The performance of prototype network (proto) technology is very dependent on a priori information and knowledge. Unlike the prior art, our invention makes full use of the large amount of spatial position prior information present in medical images, such as the human liver is located primarily in the upper right portion of the abdominal cavity, while the spleen is in the upper left portion of the abdominal cavity. It is clear that this location prior information is very helpful in segmenting a particular class of organs. Therefore, the patent proposes a few-sample segmentation method for an organ CT image using spatial position information and a prototype network (proto type network), which can be directly used for segmenting a data set containing other organs once a model is trained on a training set.

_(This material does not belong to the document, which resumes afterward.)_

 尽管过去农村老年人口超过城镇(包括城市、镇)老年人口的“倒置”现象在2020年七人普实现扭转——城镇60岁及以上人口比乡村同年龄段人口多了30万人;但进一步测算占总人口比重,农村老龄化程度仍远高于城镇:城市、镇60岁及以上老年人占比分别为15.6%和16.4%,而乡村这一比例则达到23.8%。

The application of the deep neural networks such as the F-CNN greatly improves the semantic segmentation accuracy of natural images and medical images. It typically requires a large number of new pixel-level labels to adjust the model so that it generalizes to new classes. Wang et al propose a metric network based on global prototype vectors to perform few-sample segmentation of natural images, firstly the method uses the same feature extraction network to extract embedded features of images of a support set and a set to be segmented, then uses the features of a global average pooling average support set, and embeds different foreground objects and backgrounds into different prototype vectors, each prototype vector represents a corresponding category, so that the prediction labeling of the set to be segmented can be obtained by marking each pixel of the image of the set to be segmented by referring to the prototype of a specific class closest to the embedded feature of the pixel. However, when the method is directly applied to the small sample segmentation of the medical image, the performance of the model is greatly reduced, mainly because the background of the medical image contains a plurality of different anatomical structures and has a large intra-class variance, and if the global average pooling is directly performed, the obtained background prototype vector lacks discriminability. Aiming at the problem, the invention makes full use of inherent strong position prior information in the medical image, decomposes the global average pooling into the local average pooling, and improves the segmentation accuracy of the model.

Patent document CN105139377B (application number: CN201510444164.8) discloses a robust automatic segmentation method for liver of abdominal CT sequence image, which includes: a data input step, inputting a CT sequence to be segmented and designating an initial slice; a model construction step, namely, establishing a liver brightness model and an appearance model according to the data characteristics of an input sequence, and inhibiting a complex background from highlighting a liver region; and an automatic segmentation step, namely, combining a brightness model and an appearance model to rapidly and automatically segment the initial slices by using a graph cutting algorithm, and respectively carrying out upward and downward iterative segmentation on all the slices in the liver CT sequence by using the initial segmented slices as starting points by using the spatial correlation between adjacent slices.

Disclosure of Invention

In view of the defects in the prior art, the present invention aims to provide a method and a system for sample-less segmentation of CT images based on spatial location and prototype network.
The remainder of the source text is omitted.